DATASET EXCERPT:
═══

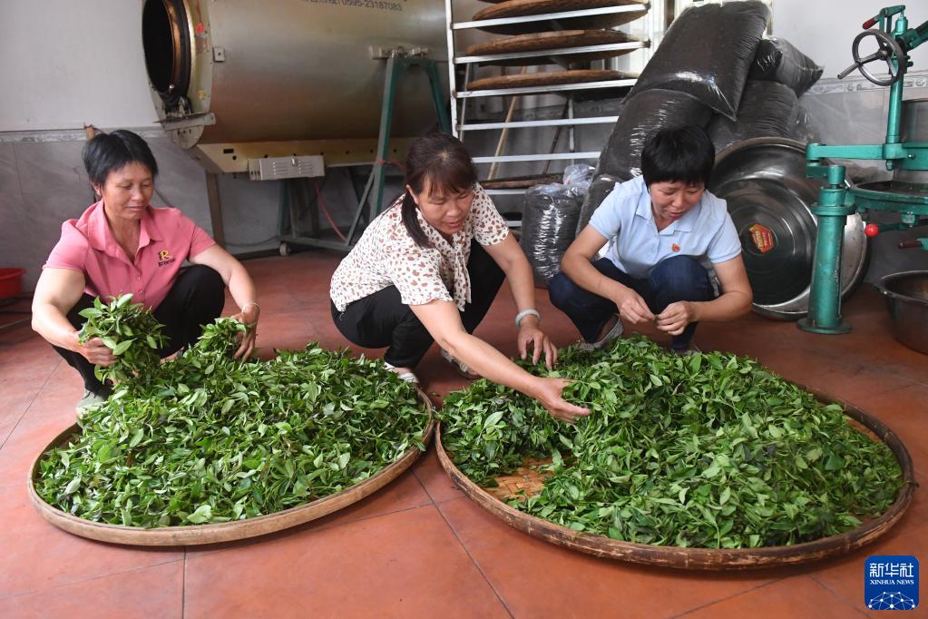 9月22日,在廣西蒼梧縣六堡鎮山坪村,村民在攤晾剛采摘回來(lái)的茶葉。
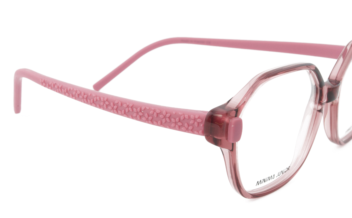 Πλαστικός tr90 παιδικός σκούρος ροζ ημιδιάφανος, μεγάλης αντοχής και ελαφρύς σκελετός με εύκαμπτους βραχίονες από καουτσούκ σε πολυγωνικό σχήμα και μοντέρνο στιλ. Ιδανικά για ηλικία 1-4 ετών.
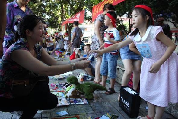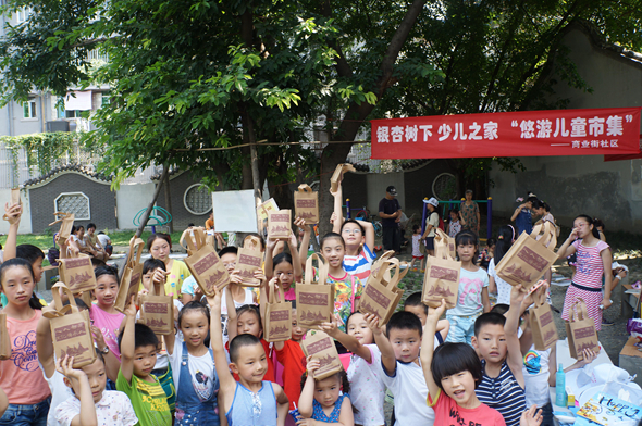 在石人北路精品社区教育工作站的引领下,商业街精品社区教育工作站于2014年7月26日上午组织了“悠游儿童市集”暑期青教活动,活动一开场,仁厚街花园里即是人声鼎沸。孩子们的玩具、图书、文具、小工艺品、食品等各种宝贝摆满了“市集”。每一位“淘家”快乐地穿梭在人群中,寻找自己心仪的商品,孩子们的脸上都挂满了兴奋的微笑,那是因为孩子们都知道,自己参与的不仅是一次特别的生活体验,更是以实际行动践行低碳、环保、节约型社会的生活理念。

═══

REQUIREMENT: An exact copy of the data is required, with the pictures excluded.

WRITTEN ANSWER:
 9月22日,在廣西蒼梧縣六堡鎮山坪村,村民在攤晾剛采摘回來(lái)的茶葉。
 Πλαστικός tr90 παιδικός σκούρος ροζ ημιδιάφανος, μεγάλης αντοχής και ελαφρύς σκελετός με εύκαμπτους βραχίονες από καουτσούκ σε πολυγωνικό σχήμα και μοντέρνο στιλ. Ιδανικά για ηλικία 1-4 ετών.
 在石人北路精品社区教育工作站的引领下,商业街精品社区教育工作站于2014年7月26日上午组织了“悠游儿童市集”暑期青教活动,活动一开场,仁厚街花园里即是人声鼎沸。孩子们的玩具、图书、文具、小工艺品、食品等各种宝贝摆满了“市集”。每一位“淘家”快乐地穿梭在人群中,寻找自己心仪的商品,孩子们的脸上都挂满了兴奋的微笑,那是因为孩子们都知道,自己参与的不仅是一次特别的生活体验,更是以实际行动践行低碳、环保、节约型社会的生活理念。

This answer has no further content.